Scaling PostgreSQL at Thumbtack: Load Balancing And Health Checks

5,619

By Marco Almeida, Site Reliability Engineer at Thumbtack.


Introduction

Running PostgreSQL on a single primary master node is simple and convenient. There is a single source of truth, one instance to handle all reads and writes, one target for all clients to connect to, and only a single configuration file to maintain. However, such a setup usually does not last forever. As traffic increases, so does the number of concurrent reads and writes, the read/write ratio may become too high, a fast and reliable recovery plan needs to exist, the list goes on…

No single approach solves all possible scaling challenges, but there are quite a few options for scaling PostgreSQL depending on the requirements. When the read/write ratio is high enough, there is fairly straightforward scaling strategy: setup secondary PostgreSQL nodes (replicas) that stream data from the primary node (master) and split SQL traffic by sending all writes (INSERT, DELETE, UPDATE, UPSERT) to the single master node and all reads (SELECT) to the replicas. There can be many replicas, so this strategy scales better with a higher read/write ratio. Replicas are also valuable to implement a disaster recovery plan as it’s possible to promote one to master in the event of a failure.

Context

In 2014, Thumbtack was running PostgreSQL 9.1 on two servers: a basic master – slave setup leveraging PostgreSQL’s built-in streaming replication. Our infrastructure was comprised of a few dozen physical machines on SoftLayer running RHEL 5 and we were using HAproxy with Keepalived for load balancing. The future, already being planned for, would be powered by EC2 instances on AWS, running Debian 7 behind Elastic Load Balancers.

As traffic grew, we knew we would need to scale out PostgreSQL further. Thumbtack’s SQL traffic was (and still is) quite read-intensive, with less than 3% of all queries being executed on the master node. This was good news as it meant we could scale out by sending SELECT statements to a cluster of read-only replicas and leaving the master alone to process DML commands.

In order to properly implement this we would need:

  • an arbitrary number of read-only replicas behind a load balancer;
  • the load balancer itself could not be a single point of failure;
  • a way of performing health checks on each server, executed from the load balancer, so that failed nodes would be taken in and out of rotation automatically;
  • to support SoftLayer and AWS environments during the transition period.
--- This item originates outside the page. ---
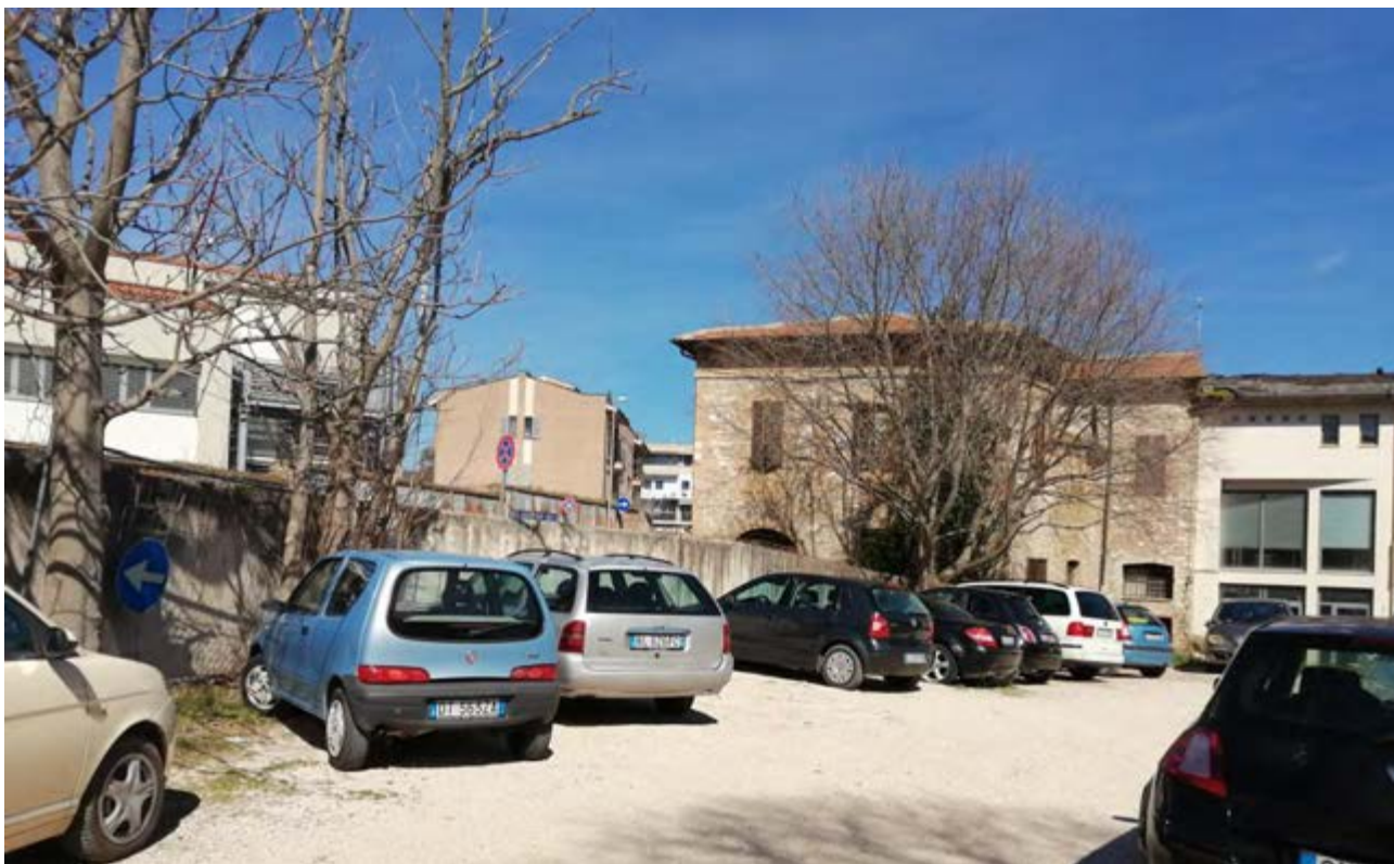
FOTO 58/59: parcheggio Via dei Molini – muro di confine con la strada

Replication, high-availability, and load-balancing

We knew what we wanted the infrastructure to look like from a high-level perspective and had the tools available to implement almost all of it on both providers (Fig. 1).

Thumbtack Postgres Acrhictecture

One critical detail, however, was far from being a solved problem: health checks.

A basic ping on port 5432 was not enough. Performance and replication lag were (and still are!) very important factors to us — if a given replica is lagging behind by more than N (varying according to the database and the cluster we’re connecting to) seconds, we prefer not to use it until it recovers as it would otherwise lead to stale reads.

Custom health checks

Not having found an open source tool that implements powerful enough health-checks for PostgreSQL, we decided to write our own. These were the requirements:

  1. Work equally well on both environments — RHEL 5/HAproxy on Softlayer and Debian 7/ELBs on AWS
  2. Check basic TCP connectivity, on an arbitrary port, with a configurable timeout
  3. Check server availability by running a test query with a time limit — if a server is under load, it may be responding to TCP but not able to process a simple query (SELECT 1). We need to distinguish between these two scenarios, and potentially take different actions
  4. Check replication lag (time elapsed since the last transaction was replayed)
  5. Support custom health checks in the form of SQL queries — extensible and future-proof
  6. Low memory footprint — avoid “stealing” memory from PostgreSQL
  7. Minimal list of external dependencies

A web service, exposing a simple HTTP endpoint, would work in any environment and easily be able to test TCP connectivity. Simple queries and testing replication lag are just a special case of running arbitrary SQL queries as a health check, so we just focused on this one and implemented the others as a form of syntactic sugar.

Programming languages One important decision for delivering a platform independent solution with low memory footprint and minimal dependencies was the choice of the programming language. We considered a few from Python (there was already a reasonably large Python code base at Thumbtack), to Go (we were taking our first steps with it), and even Rust (too immature at the time).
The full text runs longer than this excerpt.